Assignment -
An exact copy of every record, with no pictures, please.

Items from a dataset:
* * * * * * *

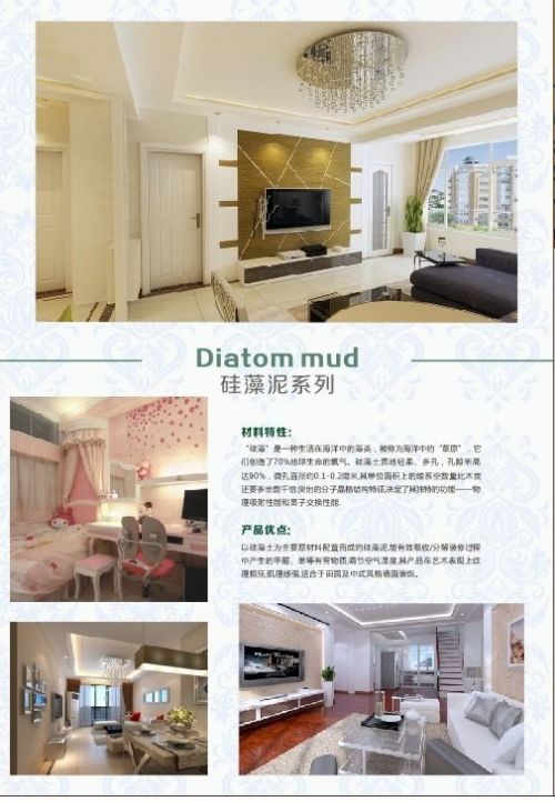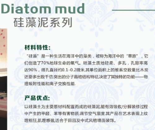 装修过程中产生的甲醛、苯等有害物质,调节空气湿度。其产品在艺术表现上纹理粗犷、肌理感强、适合于田园及中欧式风格墙面装饰。
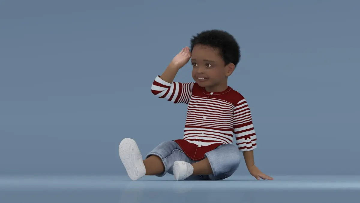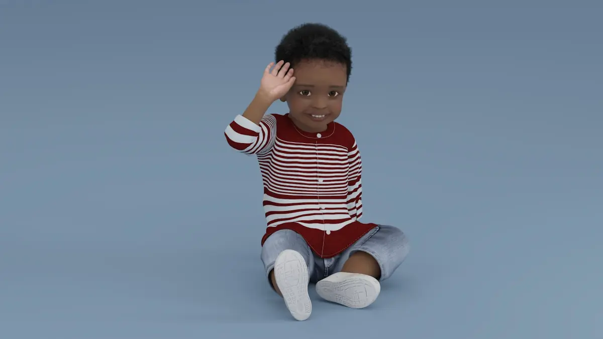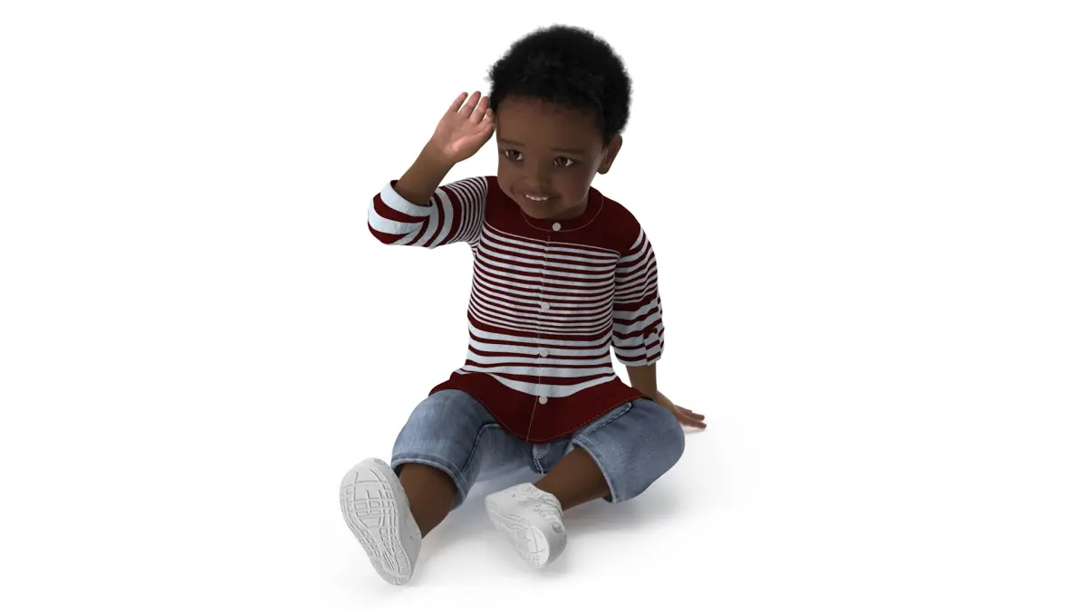African Baby Boy Light Skin in Summer Outfit Sitting is a high quality, photo real 3d model that will enhance detail and realism to any of your rendering projects. The model has a fully textured, detailed design that allows for close-up renders, and was originally modeled in 3ds Max 2014 and rendered with V-Ray. Renders have no postprocessing!
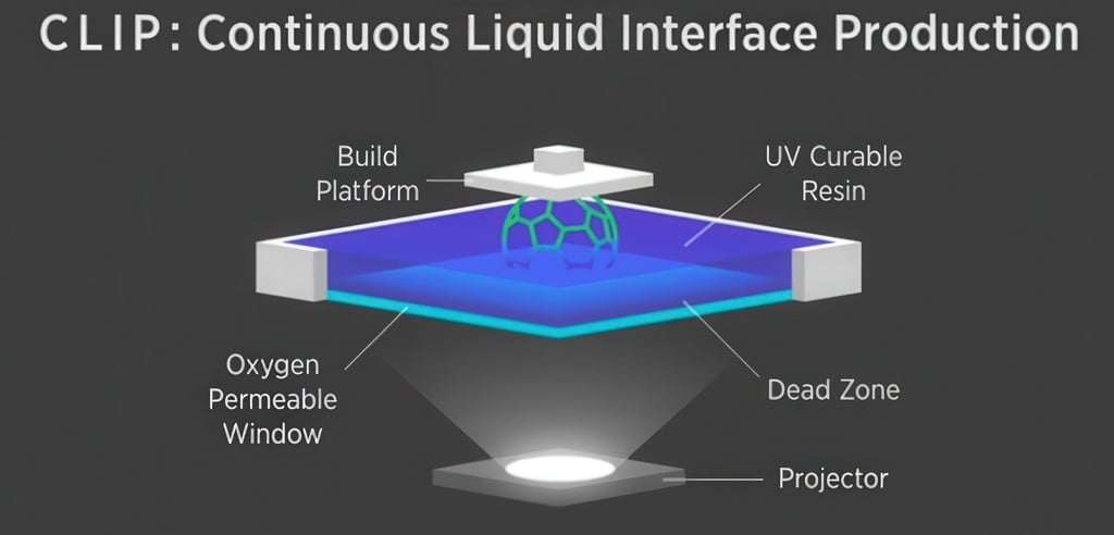 Unlike conventional layer-by-layer 3D printing, CLIP utilizes a continuous process that draws parts from a pool of liquid resin. Here's a simplified explanation:
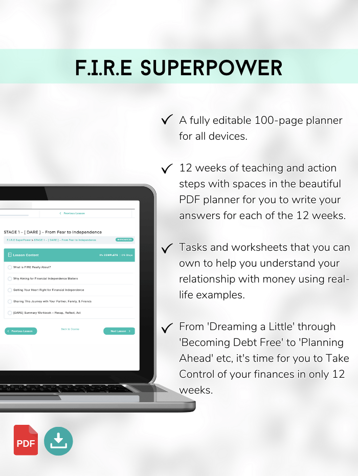 FIRE SuperPower™ is a thorough step-by-step roadmap that will show you how to use the money you make today and other money-making opportunities to design a life that means that you never have to work forever and instead, money will work for you.
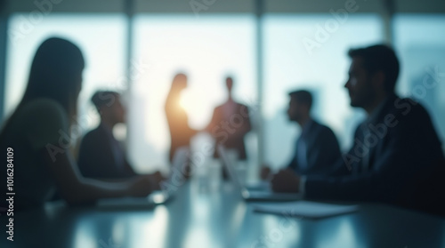 Blurred image of silhouettes of business people, managers, colleagues having a business conversation in a bright office
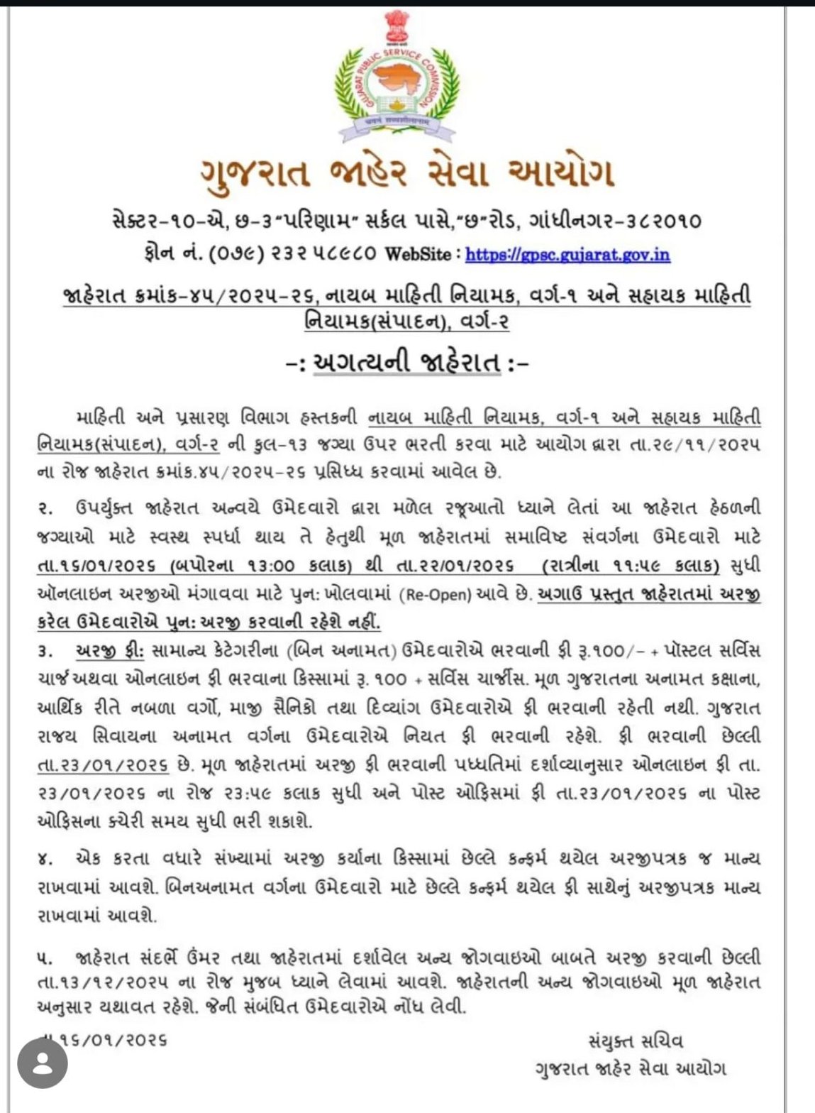 ગુજરાત જાહેર સેવા આયોગ દ્વારા આયોજિત જાહેરાત ક્રમાંક ૪૫/૨૦૨૫-૨૬
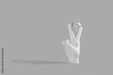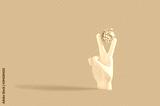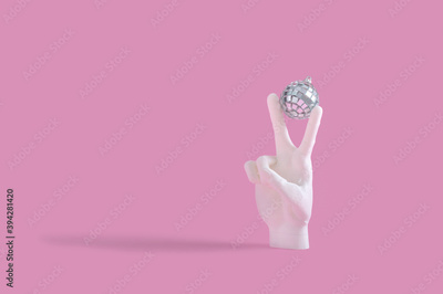 Creative New year concept with human hand holding disco ball Christmas tree decoration on pastel pink background. Flat lay design
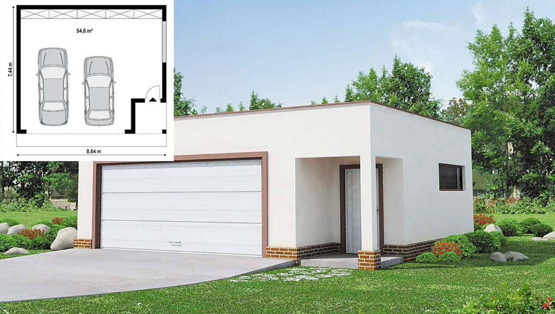 Гараж 7 на 7 метров, проект на 2 машины с навесом
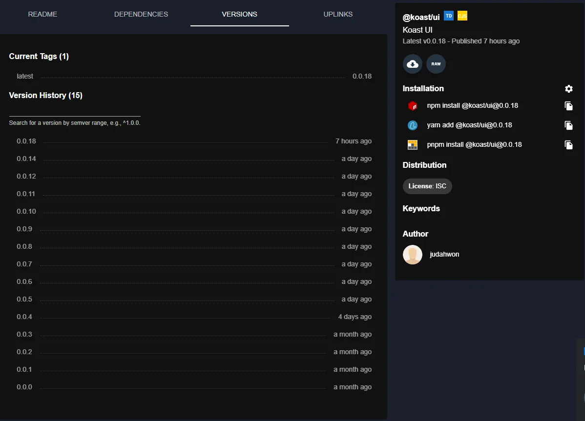 echo "@koast:registry=http://10.2.10.79:4873" > .npmrc- 설정 확인
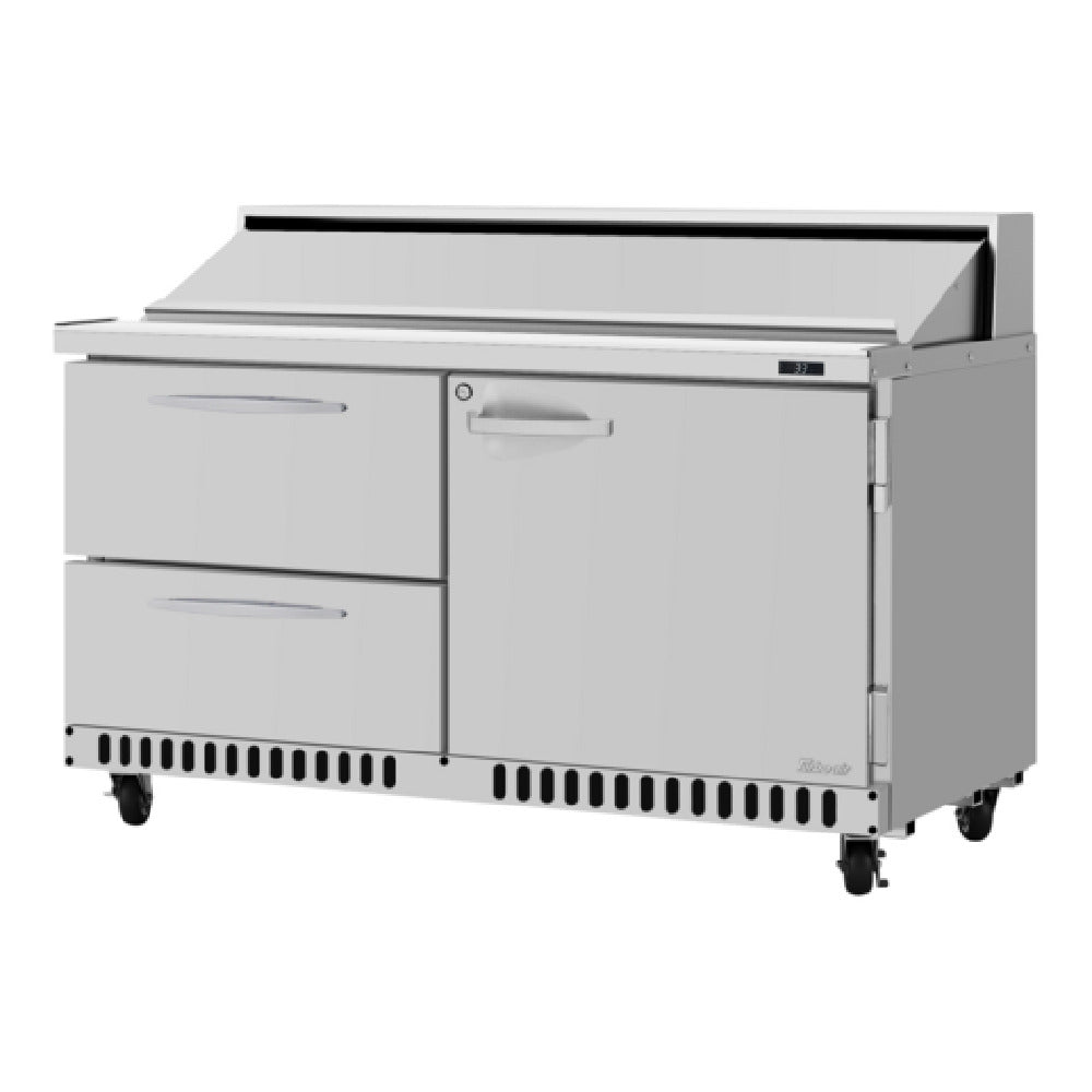 The Turbo Air PST-60-D2R(L)-FB-N PRO Series Sandwich/Salad Prep Table - Front Breathing Airflow is a versatile and efficient solution designed for food service operations requiring precise refrigeration and preparation space. With dimensions of 60-1/4"W x 30"D x 37"H, it offers a substantial 14.8 cubic feet capacity, ideal for high-volume sandwich and salad prep. Its stainless steel top is equipped with a 16-pan opening, allowing seamless ingredient organization and access. The unit is constructed with a durable stainless steel interior and exterior, complemented by a galvanized steel bottom for added resilience. Featuring a solid hinged swing door with a lock and two drawers, this prep table ensures secure and convenient storage. A stainless steel wire shelf adds to the versatility, while the self-cleaning condenser enhances maintenance efficiency. Utilizing R290 Hydrocarbon refrigerant and powered by a 1/5 HP motor, this unit operates on 115v/60/1-ph, drawing 8.9 amps with a NEMA 5-15P plug. Certified by cETLus and ETL-Sanitation, and proudly made in the USA, the Turbo Air PST-60-D2R(L)-FB-N is ideal for establishments prioritizing superior refrigeration, hygiene, and efficient workspace utilization within the food industry.

* * * * * * *

Task answer -
 装修过程中产生的甲醛、苯等有害物质,调节空气湿度。其产品在艺术表现上纹理粗犷、肌理感强、适合于田园及中欧式风格墙面装饰。
African Baby Boy Light Skin in Summer Outfit Sitting is a high quality, photo real 3d model that will enhance detail and realism to any of your rendering projects. The model has a fully textured, detailed design that allows for close-up renders, and was originally modeled in 3ds Max 2014 and rendered with V-Ray. Renders have no postprocessing!
 Unlike conventional layer-by-layer 3D printing, CLIP utilizes a continuous process that draws parts from a pool of liquid resin. Here's a simplified explanation:
 FIRE SuperPower™ is a thorough step-by-step roadmap that will show you how to use the money you make today and other money-making opportunities to design a life that means that you never have to work forever and instead, money will work for you.
 Blurred image of silhouettes of business people, managers, colleagues having a business conversation in a bright office
 ગુજરાત જાહેર સેવા આયોગ દ્વારા આયોજિત જાહેરાત ક્રમાંક ૪૫/૨૦૨૫-૨૬
 Creative New year concept with human hand holding disco ball Christmas tree decoration on pastel pink background. Flat lay design
 Гараж 7 на 7 метров, проект на 2 машины с навесом
 echo "@koast:registry=http://10.2.10.79:4873" > .npmrc- 설정 확인
 The Turbo Air PST-60-D2R(L)-FB-N PRO Series Sandwich/Salad Prep Table - Front Breathing Airflow is a versatile and efficient solution designed for food service operations requiring precise refrigeration and preparation space. With dimensions of 60-1/4"W x 30"D x 37"H, it offers a substantial 14.8 cubic feet capacity, ideal for high-volume sandwich and salad prep. Its stainless steel top is equipped with a 16-pan opening, allowing seamless ingredient organization and access. The unit is constructed with a durable stainless steel interior and exterior, complemented by a galvanized steel bottom for added resilience. Featuring a solid hinged swing door with a lock and two drawers, this prep table ensures secure and convenient storage. A stainless steel wire shelf adds to the versatility, while the self-cleaning condenser enhances maintenance efficiency. Utilizing R290 Hydrocarbon refrigerant and powered by a 1/5 HP motor, this unit operates on 115v/60/1-ph, drawing 8.9 amps with a NEMA 5-15P plug. Certified by cETLus and ETL-Sanitation, and proudly made in the USA, the Turbo Air PST-60-D2R(L)-FB-N is ideal for establishments prioritizing superior refrigeration, hygiene, and efficient workspace utilization within the food industry.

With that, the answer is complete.